Wer
einmal lügt, ...
Berlin
- Im vergangenen Jahr trug Claude Lanzmann
(Foto) in Berlin Auszüge aus seinen Memoiren 'Le lièvre de
Patagonie (Der patagonische Hase) vor. Der 23-jährige Lanzmann
war 1949 von der französischen Militärregierung als Lektor für Literatur an der Freien Universität Berlin
(FU) angestellt worden. Deren Rektor Edwin Redslob
griff Lanzmann Anfang 1950 in einer Schmähschrift für die sowjetisch
kontrollierte 'Berliner Zeitung' als NS-Aktivisten
an. Dem Pamphlet war ein angeblich von Redslob
verfasstes, aber tatsächlich gefälschtes, Widmungsgedicht an Emmy Göring zur Seite
gestellt. Lanzmann behauptete jetzt, wegen seiner
'Enthüllungen' sei Redslob damals unverzüglich
entlassen worden. Sofort nach dieser Lüge verbreiteten
alle großen Dulli-Zeitungen diese Nachricht über den einstigen Sturz des FU-Rektors. Lanzmann selbst kolportierte Varianten seiner Tat in Interviews.

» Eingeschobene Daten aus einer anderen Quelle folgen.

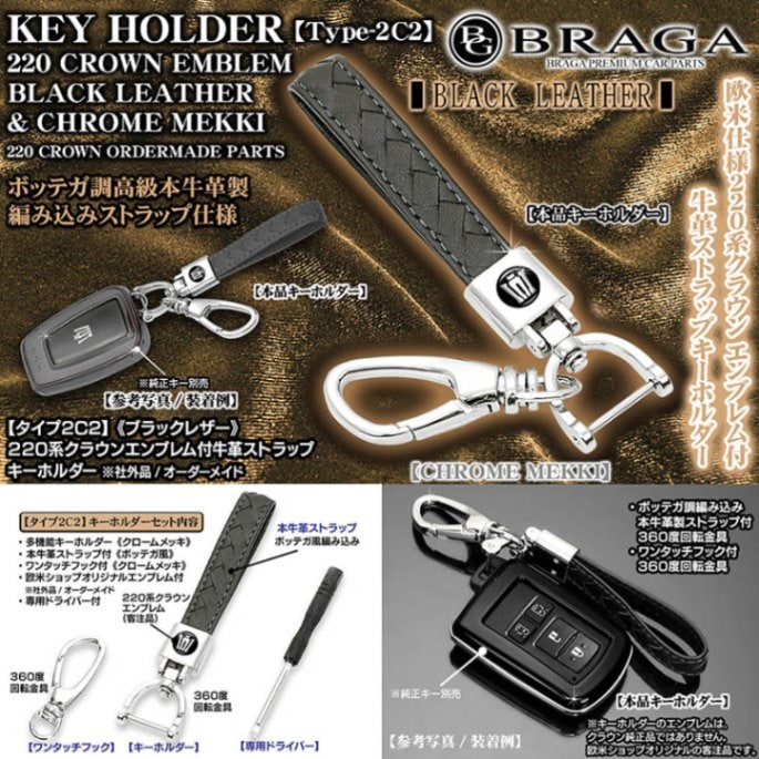 《220系クラウン エンブレム付キーホルダー》【タイプ2C2】3D立体エンブレム/ブラック牛革製ストラップ&クロームメッキ金具キー...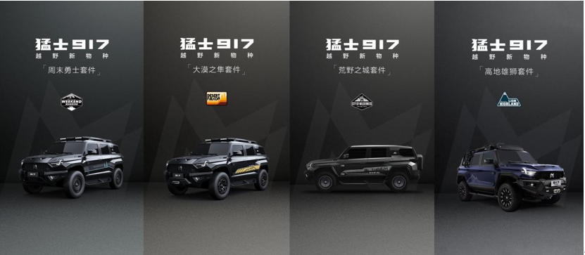 为野奢露营,东风猛士科技打造了周末勇士套装。为大漠冲沙,东风猛士科技推出了大漠之隼套装。为轻度越野,东风猛士科技开发了荒野之城套装。为重度越野,东风猛士科技定制了高地雄狮套装。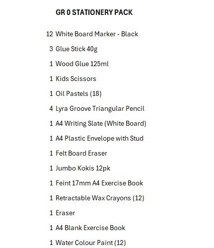 This stationery pack includes the items required by all Gr 0 students. There are additional items that you will need to bring on the first day of school:

Auch der Wikipedia-Eintrag zu Edwin Redslob wurde entsprechend verändert. Der Protest von FU-Gründungsstudenten gegen Lanzmanns
Fälschung blieben wirkungslos.
Tatsächlich war Lanzmann 1949 und 1950 ein
Unbekannter, Edwin Redslob aber ein berühmter Mann. Er gestaltete
im Auftrage der Weimarer Republik Geldscheine, Münzen, Briefmarken, Urkunden, Medaillen, Flaggen, Reichsadler,
Amtsschilder, Dienstsiegel und das zentrale Ehrenmal für die Kriegstoten. Er inszenierte die jährlichen Verfassungsfeste, das
'Goethejahr' 1932, die Trauerfeiern für Rathenau, Friedrich Ebert und Gustav Stresemann. 1933
wurde er entlassen. Nach Kriegsende 1945 gehörte er zu den Gründern des
Tagesspiegels, der bedeutendsten Zeitung der Berliner Westsektoren.
Deswegen wurde Redslob, zunächst Ordinarius der Humboldt-Universität im Ostsektor, 1946
sofort wieder entlassen. Im Angesicht der
sowjetischen Blockade gehörte er zu den Gründern
der 'Freien Universität FU' in den Westsektoren, die am 4.Dezember 1948 ihre Arbeit aufnahm.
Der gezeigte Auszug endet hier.